Throughout the book I have had a nagging dissatisfaction with the line Rau draws between “Planned Evolution” and “Directed Evolution.” Planned evolution is noninterventionist while directed evolution is interventionist. The problem is that the idea of intervention, when, where, why, and how, is ill defined. Most of the people I know that Rau places or would place into the “planned evolution” group hold that God underlies and sustains everything. The great Christological hymn in Colossians 1 is important here. “For in him all things were created: … all things have been created through him and for him. He is before all things, and in him all things hold together.” (Col 1:16-17) And don’t for get John 1:2-3 “He was with God in the beginning. Through him all things were made; without him nothing was made that has been made.” We don’t separate “God did it” and “Nature did it” as cleanly as Rau seems to suggest with the line between directed and planned evolution.
The nagging dissatisfaction became more pronounced as I read the last two chapters. Rau opens his epilogue noting that “it is impossible for anyone to write from a totally objective position.” There will always be clues about the author’s position. This is certainly true – and isn’t a negative reflection on any book, including Rau’s. So where do the clues lead me? The book seems to lay the groundwork for an Intelligent Design approach to the question of origins favoring directed evolution and old earth creation type approaches. The sharp distinction between planned and directed models helps to drive this impression of the book in my mind. I don’t think this is a particularly useful line to draw (if you haven’t realized that yet). The continuum of views on evolutionary creation from planned to directed is far more complex and it would be useful to recognize this complexity and open conversation.
From the Dust. And … This seems like a good place to stop and a good place to draw attention to the film “From the Dust” once again. This film provides yet another excellent resource to structure a discussion of origins. The film has been available on DVD for a year from Amazon, but is now also available through iTunes both for purchase and for rent (as low as $2.99 in SD). The following clip, containing some material in the final edit of the film and some available as supplementary material, gives a good idea of the kind of discussions the film can foster. (You have to purchase the DVD for the supplementary material.)
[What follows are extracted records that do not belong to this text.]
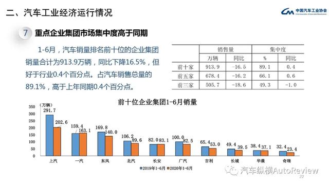 重点企业集团市场集中度高于同期。1-6月,汽车销量排名前十位的企业(集团)共销售913.9万辆,占汽车销售总量的89.1%。在汽车销量排名前十位企业中,一汽和长安销量结束前5月下降,呈小幅增长,华晨略有下降,其他企业降幅依然明显。
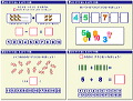 マウスだけで学べる小学校1年生の算数 演習ソフト。かずやすうじ、もの数え方、たしざん、ひきざんなど、1年生で学ぶ算数問題を収録している。
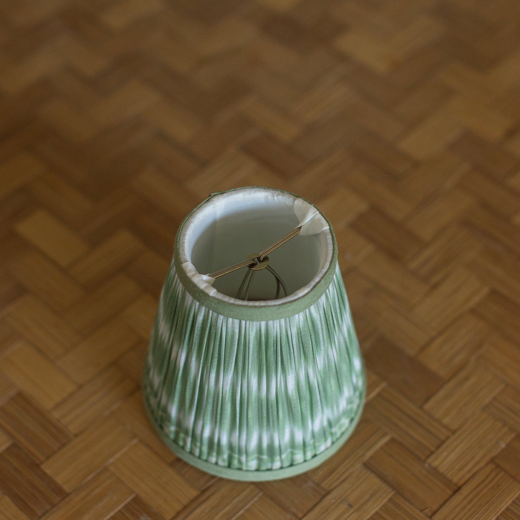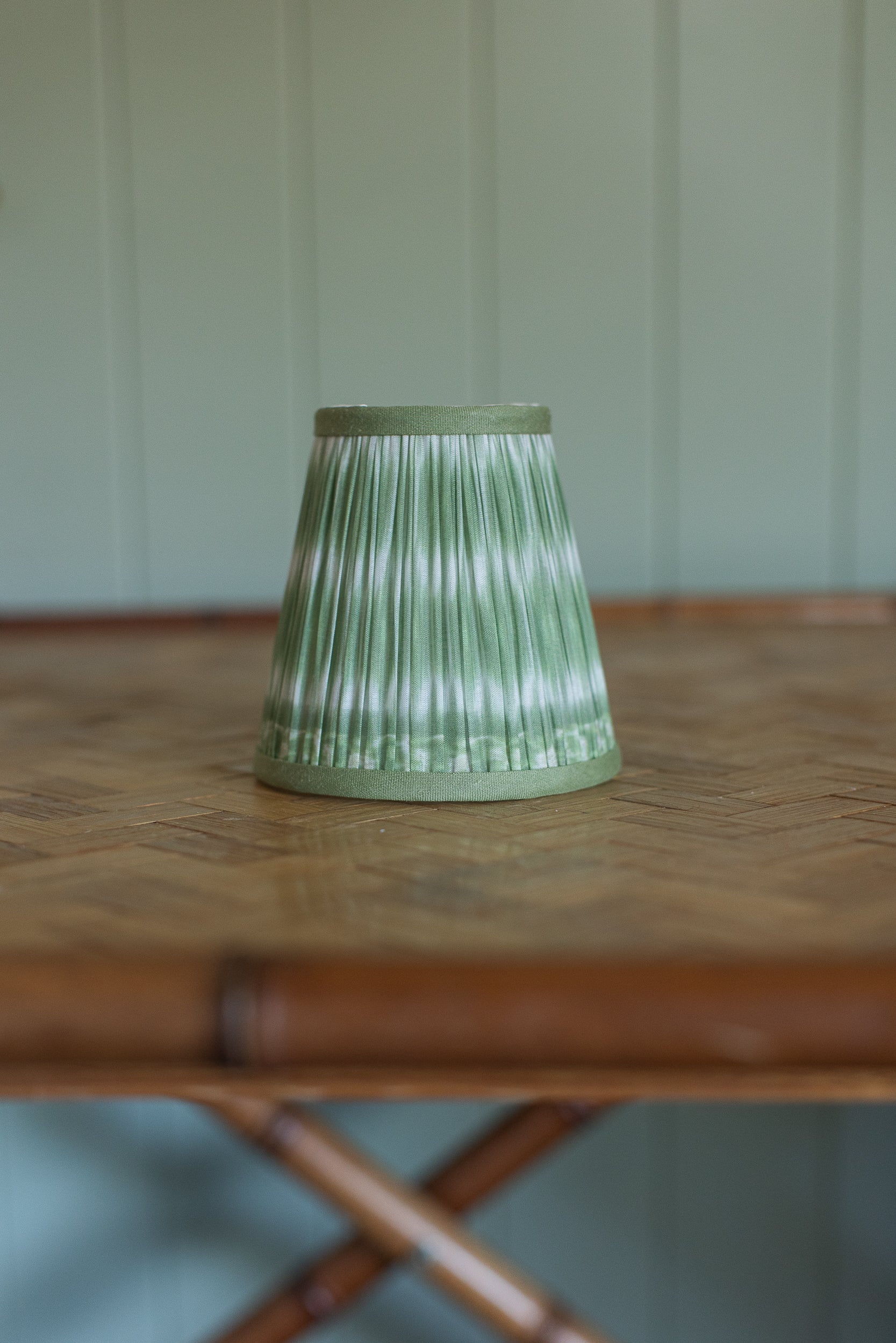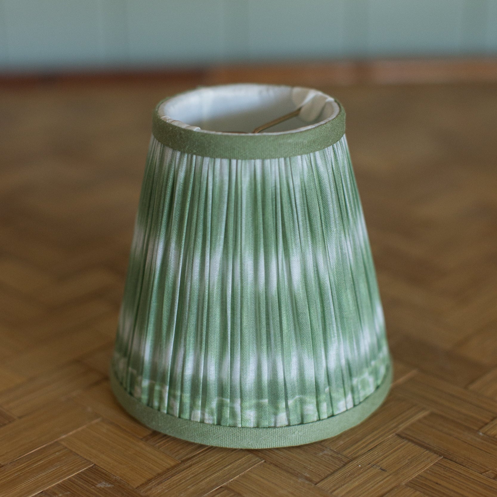 Small in scale, big on charm—this pleated lampshade brings a dash of whimsy with its soft green tie-dye wash. The color feels like spring leaves after rain—fresh, bright, and slightly unexpected. Whether perched on a brass chandelier or topping a tiny ceramic base, it offers just the right note of quiet flair. Proof that even the littlest lights deserve a little drama.

Most significant for this post today:
7:07-7:23 There is a distinction which is there in scripture between heaven and earth. But the thing about heaven and earth is that they’re supposed to overlap and have an interesting interlocking interplay with one another. They are never supposed to be far apart. (N. T. Wright)
7:24-7:40 In the ancient world they didn’t have a line between supernatural and natural. God was in everything. You couldn’t talk about God intervening because you can’t intervene in something that you’re doing. And to them God was doing it all. That kind of functional aspect, that was very important to them. (John Walton)
As we consider the mechanisms of creation it doesn’t seem wise to draw a line between supernatural intervention and natural process. Evolutionary creation, whatever we learn about the mechanisms through which life arose and diversified, is all the work of God.
What do you think?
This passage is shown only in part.